いつもはマイク付きイヤホンをつけて会話をするけれど、今日は直くんたちにも一緒に聞いて欲しいからそのままにしておいた。
「伯父さん、とりあえずカールには直くんのことは養子ってことで紹介して良いのかな? 伯父さんが絢斗さんと同性カップルだというのは以前からカールに話しているし」
「ああ、私たちはそれで構わないが、直くんはそれで良いかな?」
「はい。その方が嬉しいです」
ドイツでは同性婚が認められているし、養子をとって育てているカップルもカールの周りにも結構いるって前に話していたから全く問題はないだろう。
ビデオチャットで呼び出すと、待ち侘びていたのか、カールからすぐに反応が来てパソコン画面にいつもの見慣れたカールの部屋が映った。
「わっ、映った。もうあっちはドイツなんですか?」
「ふふっ。そうだよ」
「すごいですね」
これだけで楽しそうにしている直くんが可愛い。
ーhallo! ノボル!
ーHi! カール!
ー日本行きが待ちきれなくて連絡しちゃったよ。
ーははっ。そんなに楽しみにしてくれるのは俺も嬉しいよ。
ー日本にいる間はノボルの家に住まわせてくれるんだろう?
ーそれがさ、うちの家……親が急遽海外赴任になってカールが来る頃にはフランスにいるんだ。

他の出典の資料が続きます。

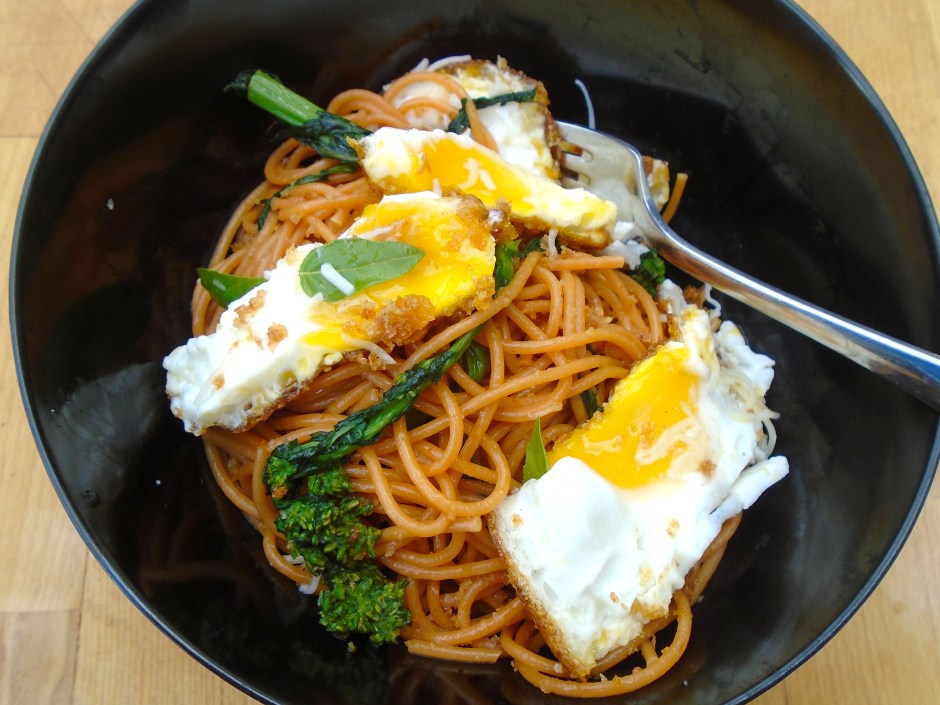 Tomato Spaghetti With Broccolini, Crispy Fried Eggs And Pangrattato ← Previous Next → Tomato Spaghetti With Broccolini, Crispy Fried Eggs And Pangrattato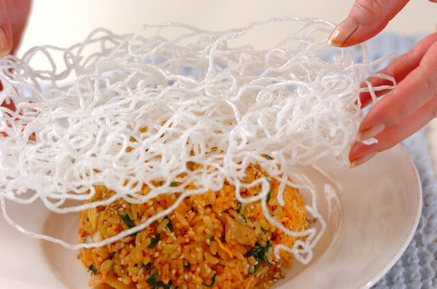 コチュジャンを加え全体にからまったら、1のご飯を加えてサッとまんべんなく炒め合わせる。器に盛り付け、白ゴマを振り掛け春雨を飾る。

ーええっ!! 嘘だろっ!! すっごく楽しみにしていたのに! って、いうか、ノボルもフランスに行くのか? 日本の大学に行くって話じゃなかったか?
ーああ、そうなんだ。だから、俺……一人で日本に残って伯父さん家に居候させてもらうことにしたんだ。
ーああ、そうか、ノボルが日本に居られるようになったのはよかった! でも、伯父さん家なら僕は泊まりに行けないな……。残念だよ。
がっかりと肩を落としているのが画面越しにもよくわかる。
ーいや、だからそれでカールに話そうと思ってたんだけど、俺の友達がカールのホームスティ先になっていいって言ってくれているんだ。どうかな?
ーえっ? ノボルの友達の家? でも流石に迷惑じゃないか? 面識もないのに。
ーいや、あいつの家……今までにも何人かホームスティを受け入れてて、両親も友達もドイツ語できるから問題ないって言ってくれてるんだ。それで、もしよかったらこっちに来る前に、こうしてビデオチャットで話したいって。相性もあるだろうし、その上で来るかどうか決めたらどうかな?
ーいや、そうしてくれるのは僕はありがたいけど、本当に迷惑じゃないか?
ー大丈夫だって。だから、近いうちに友達をここに呼ぶから今日みたいに話そう。
ーわかった。楽しみにしているよ。それはそうと……
ーんっ? どうした?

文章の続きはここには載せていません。